Background Context: Astronauts experience back pain, particularly low back pain, during and after spaceflight. Recent studies have described histologic and biochemical changes in rat intervertebral discs after space travel, but there is still no in vitro model to investigate the effects of microgravity on disc metabolism.
Purpose: To study the effects of microgravity on disc degeneration and establish an in vitro simulated microgravity study model.
Study Design: Discs were cultured in static and rotating conditions in bioreactor, and the characteristics of disc degeneration were evaluated.
Methods: The mice discs were cultured in a rotating wall vessel bioreactor where the microgravity condition was simulated. Intervertebral discs were cultured in static and microgravity condition. Histology, biochemistry, and immunohistochemical assays were performed to evaluate the characteristics of the discs in microgravity condition.

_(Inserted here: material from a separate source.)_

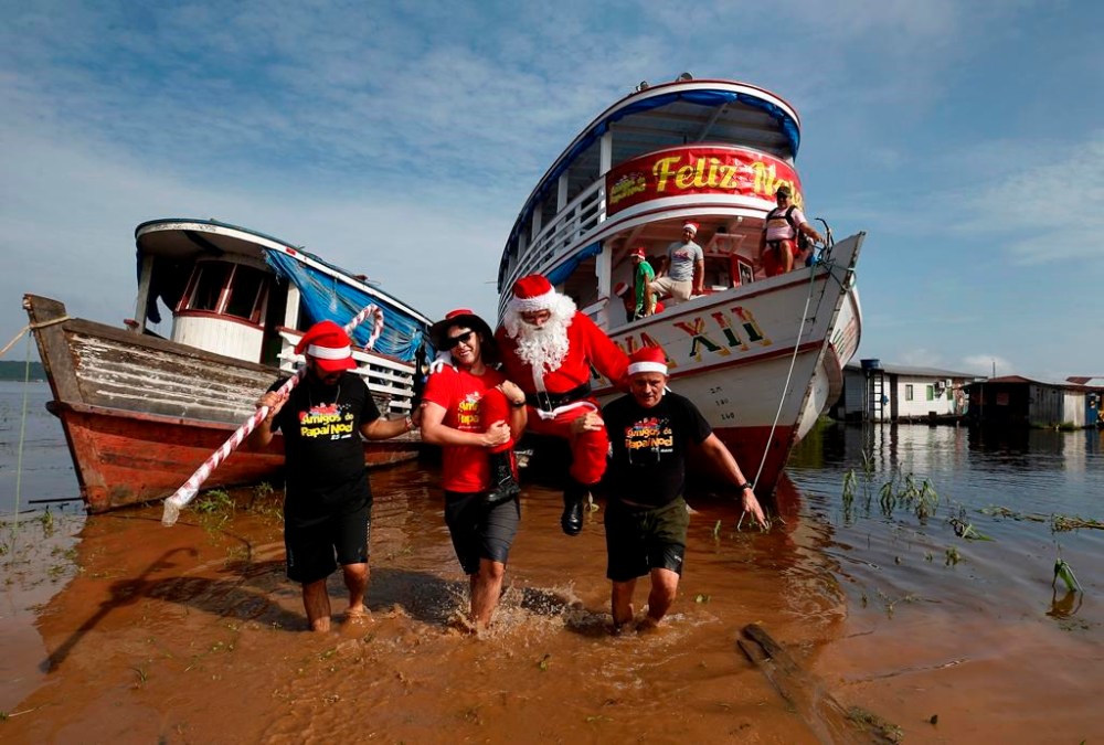 CATALAO, Brazil (AP) — Santa Claus braved the sticky heat of the Amazon rainforest this weekend, taking two boats to bring gifts to children in a village near the Brazilian city of Manaus.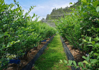 直接ブルーベリー農園に出向き、葉を一枚一枚丁寧に手摘み。

Results: Intervertebral discs cultured in rotating bioreactors were found to develop changes of disc degeneration manifested by reduced red Safranin-O staining within the annulus fibrosus, downregulated glycosaminoglycan (GAG) content and GAG/hydroxyproline ratio, increased matrix metalloproteinase 3 expression, and upregulated apoptosis.
Conclusions: We conclude that simulated microgravity induces the molecular changes of disc degeneration. The rotating bioreactor model will provide a foundation to investigate the effects of microgravity on disc metabolism.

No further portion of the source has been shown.